Nein, hier am Straßenrand, nicht weit von dem einsamen Farmhaus, ist eigentlich keine Haltestelle. Der Mann, der sich jetzt mit einem leichten Akzent in der Stimme beim Fahrer bedankt – ist er Niederländer oder Deutscher? – fragt, ob man ihn hier absetzen könne. Er wisse sonst nicht, wie er von dem letzten Ort hier heraus kommen sollte. Die vor sich hin dösenden Fahrgäste in den ersten Sitzreihen haben mit halbem Interesse zugehört, und einer von ihnen hat genickt. Er wusste wohl, was Reisen in dieser Weltgegend bedeutet. Ist doch selbstverständlich, dass man den hier rauslässt. Der abschätzende Blick des Omnibusfahrers lässt seine Gedanken erkennen. Mit dem Koffer und dem Rucksack, sagt er sich mit einem verborgenen Grinsen, hätte der Mann in der sengenden Hitze viele Stunden gebraucht, um die sechzehn Meilen von dem kleinen Ort hierher zu laufen. Taxis gibt es ja in dem Nest nicht. Und hier draußen fahren nur hin und wieder Autos oder Trucks vorbei, die einen Anhalter mitnehmen könnten. Fremde kommen überhaupt selten zu einer dieser Farmen in der Mitte von Nirgendwo. Und der sieht nicht aus wie ein Geschäftsmann aus dem hundertzwanzig Meilen entfernten Saskatoon. Er trägt Jeans und ein ausgebleichtes Holzfäller-Hemd und hat sich keinen Schlips umgebunden. Wer könnte das denn sein? Sein neugieriger Blick kann nichts ergründen. So nickt er dem Mann freundlich zu, als der aussteigt und zieht dann kräftig am Hebel. Die schwere Tür schließt ächzend. Dann den ersten Gang rein und weiter geht es über die Ebene zum nächsten Halt, vielleicht nach hundert Meilen. Wäre da nicht flotte Musik aus dem Radio und eine gut gefüllte Kaffeekanne, hätte der Busfahrer Mühe bei so viel Eintönigkeit die Augen offen zu halten.

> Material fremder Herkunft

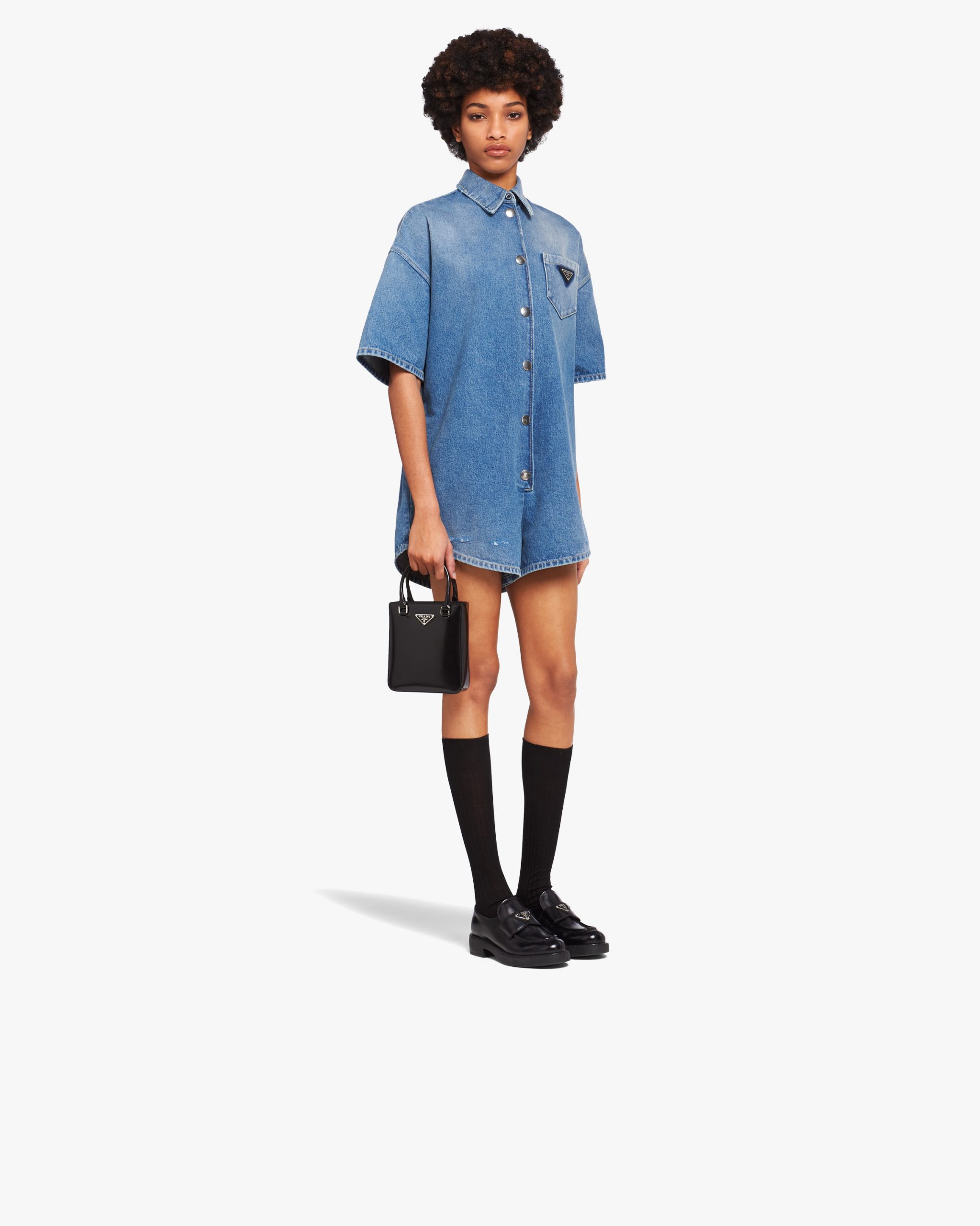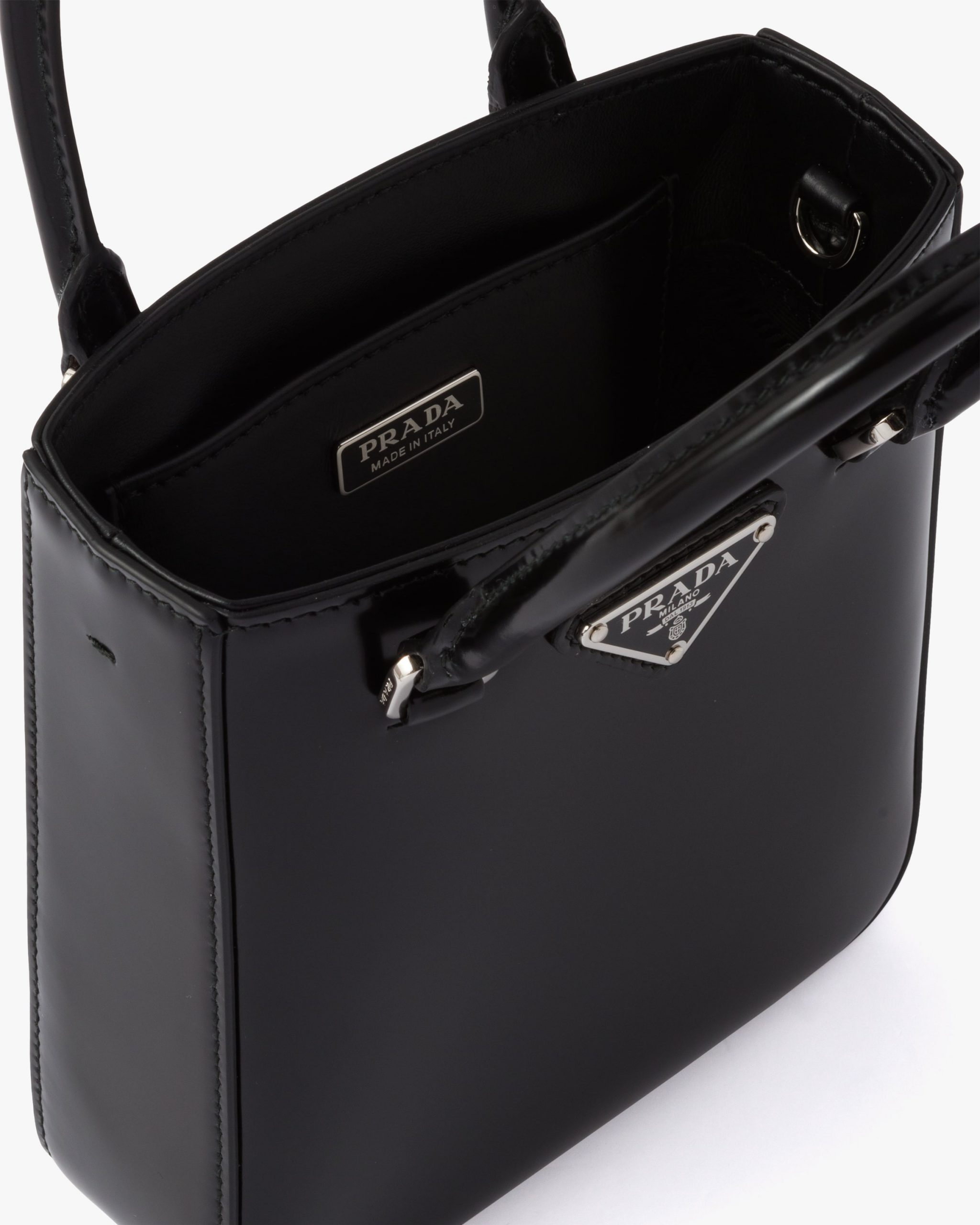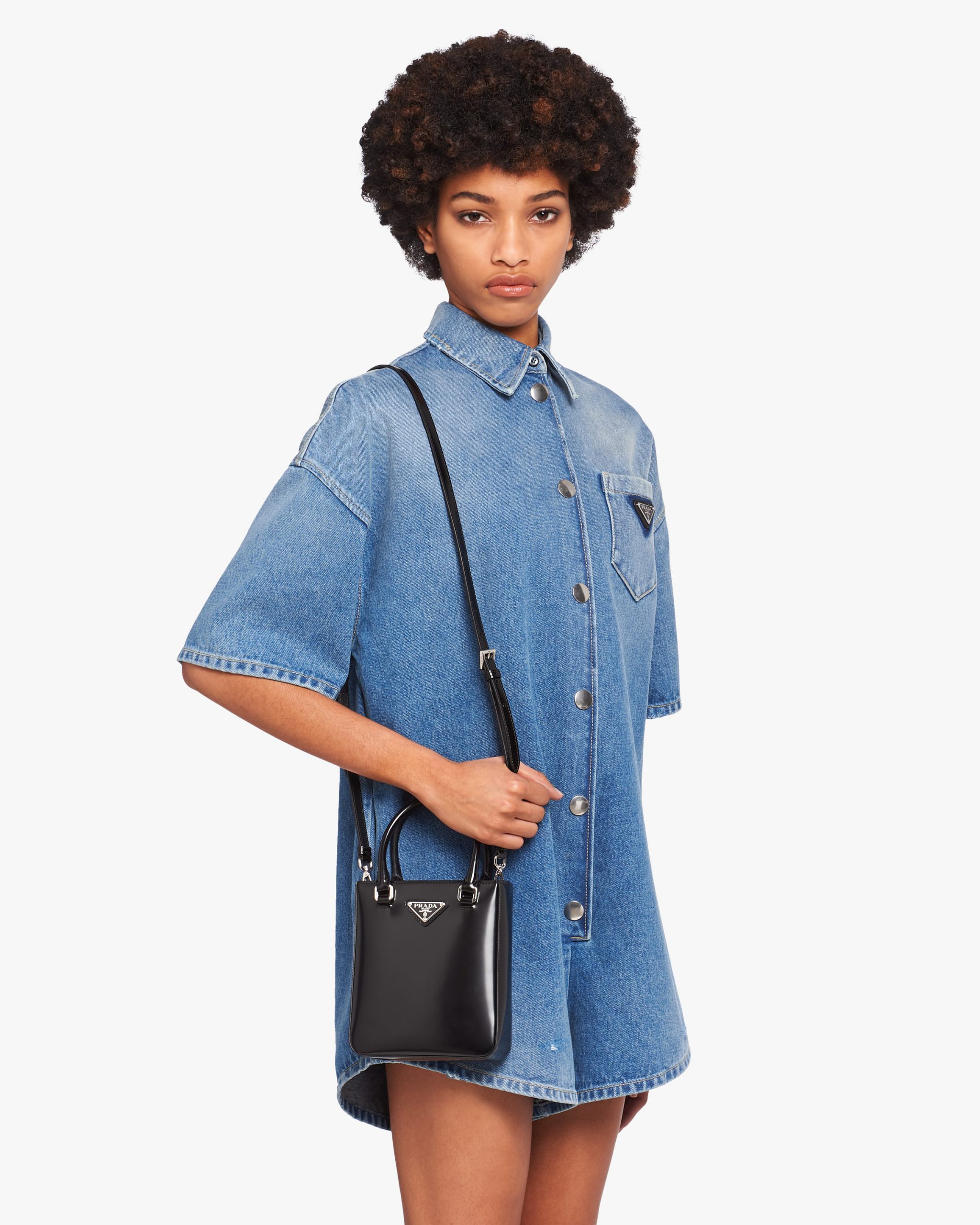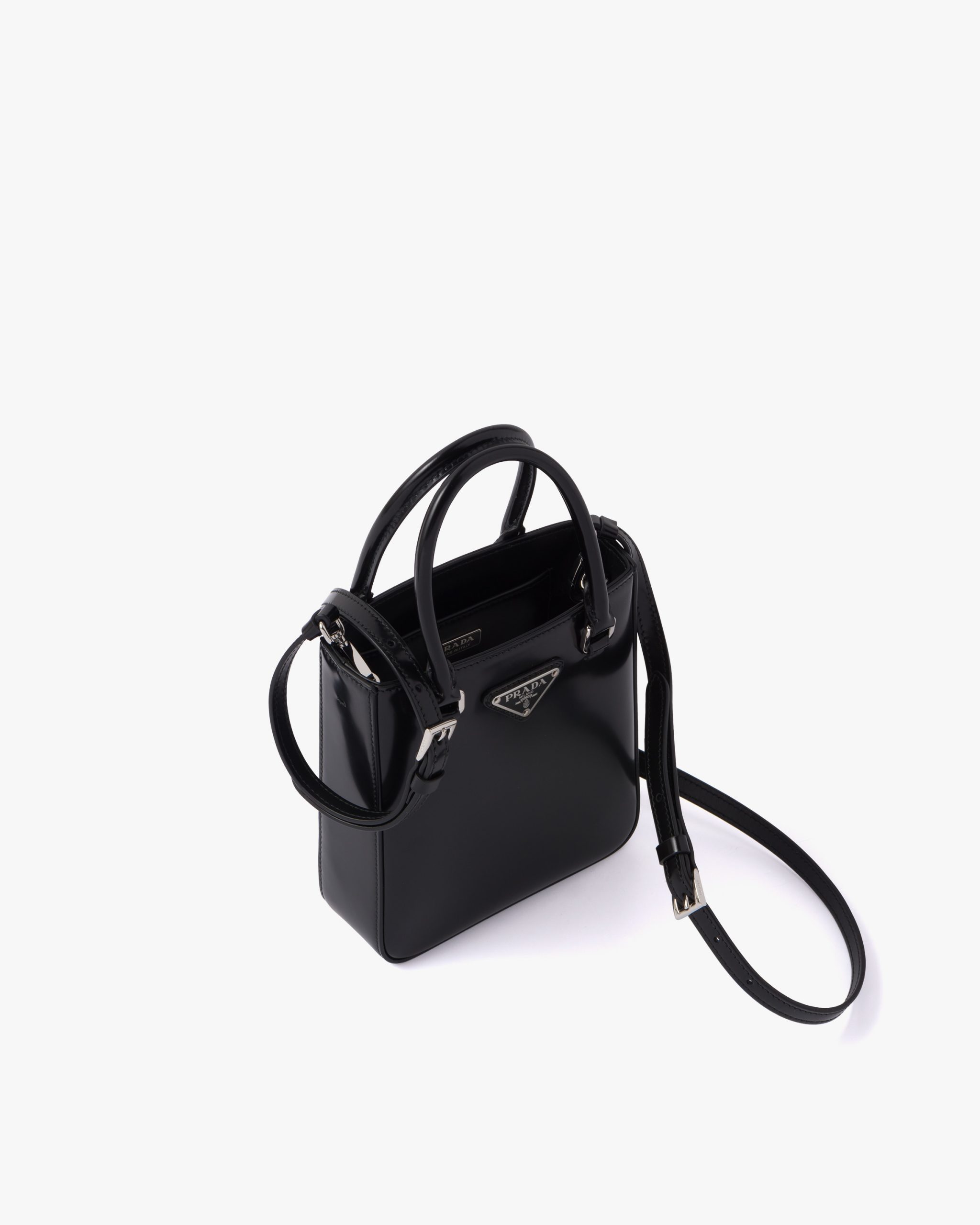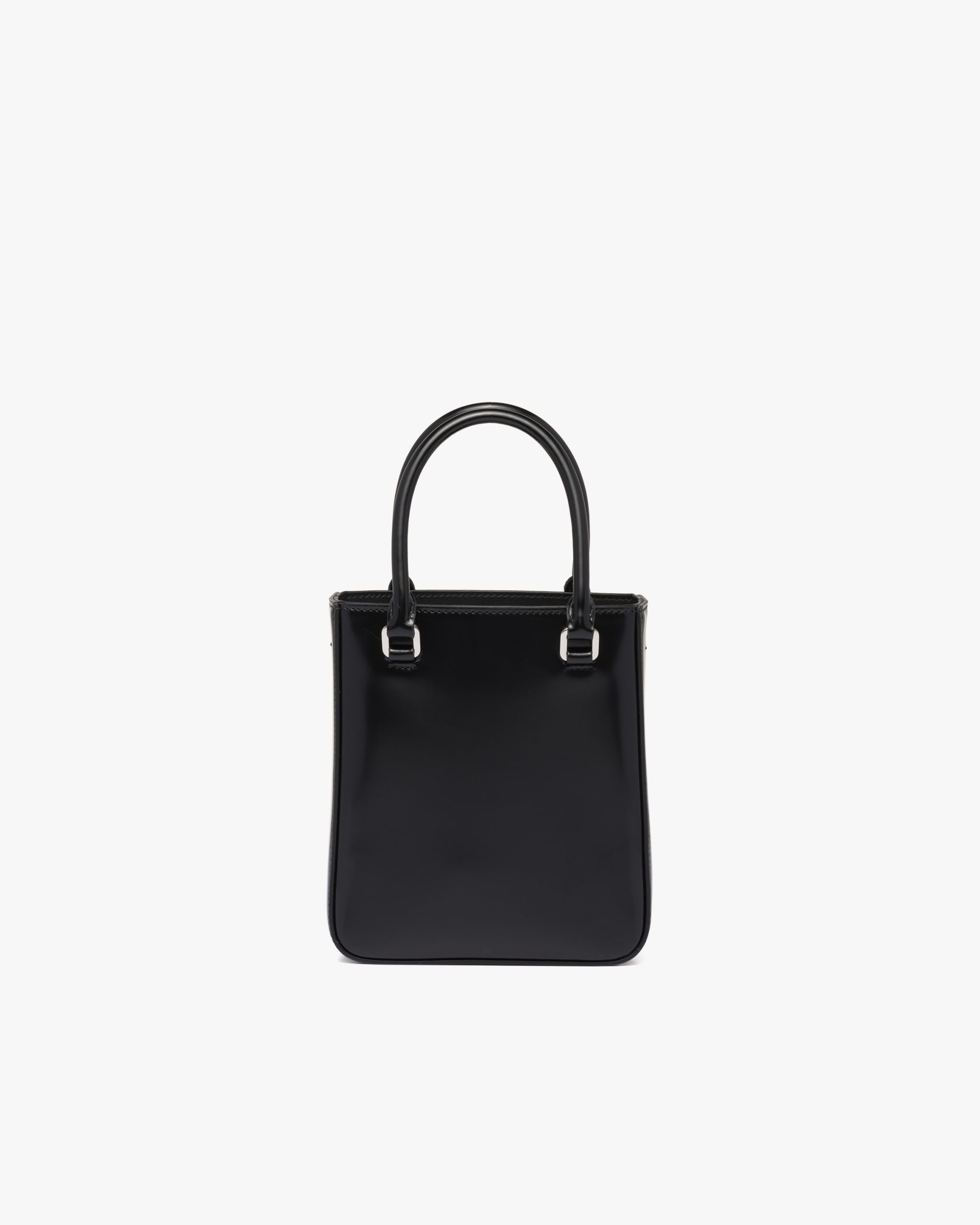 This small tote with a sleek, square design is made of brushed leather, an iconic material of the brand since the nineties and traditionally tied to the luxury world. The design, completed by the detachable leather shoulder strap, can be worn in several ways.

Das Farmhaus liegt um die zweihundert Schritte weit von der Landstraße, meilenweit entfernt vom nächsten Nachbarn. Auf der Westseite ist es durch eine dichte Reihe von Pappeln gegen die Präriewinde geschützt. Es ist eines dieser zweistöckigen Dutzendhäuser aus dem Katalog, wie sie im Westen überall zu finden sind. Breit ausladend, unter einem flachen, mit unempfindlichen Asphaltschindeln gedeckten Satteldach. Das Hauptgeschoss ist oben, darunter befindet sich, was hier Basement genannt wird. Nein, schön oder architektonisch bemerkenswert ist es sicherlich nicht, aber zweckmäßig. Dahinter schaut die Scheune hervor, rot gestrichen mit ausladendem Giebel. Und daneben, in einem offenen Hufeisen, der Maschinenschuppen samt Werkstatt. Alles ist ordentlich aufgeräumt. Der Hund, dessen Bellen weithin hörbar ist, muss hinter dem Haus angebunden sein. Sonst gibt es kein Zeichen von Leben. Es ist noch zu heiß im Freien.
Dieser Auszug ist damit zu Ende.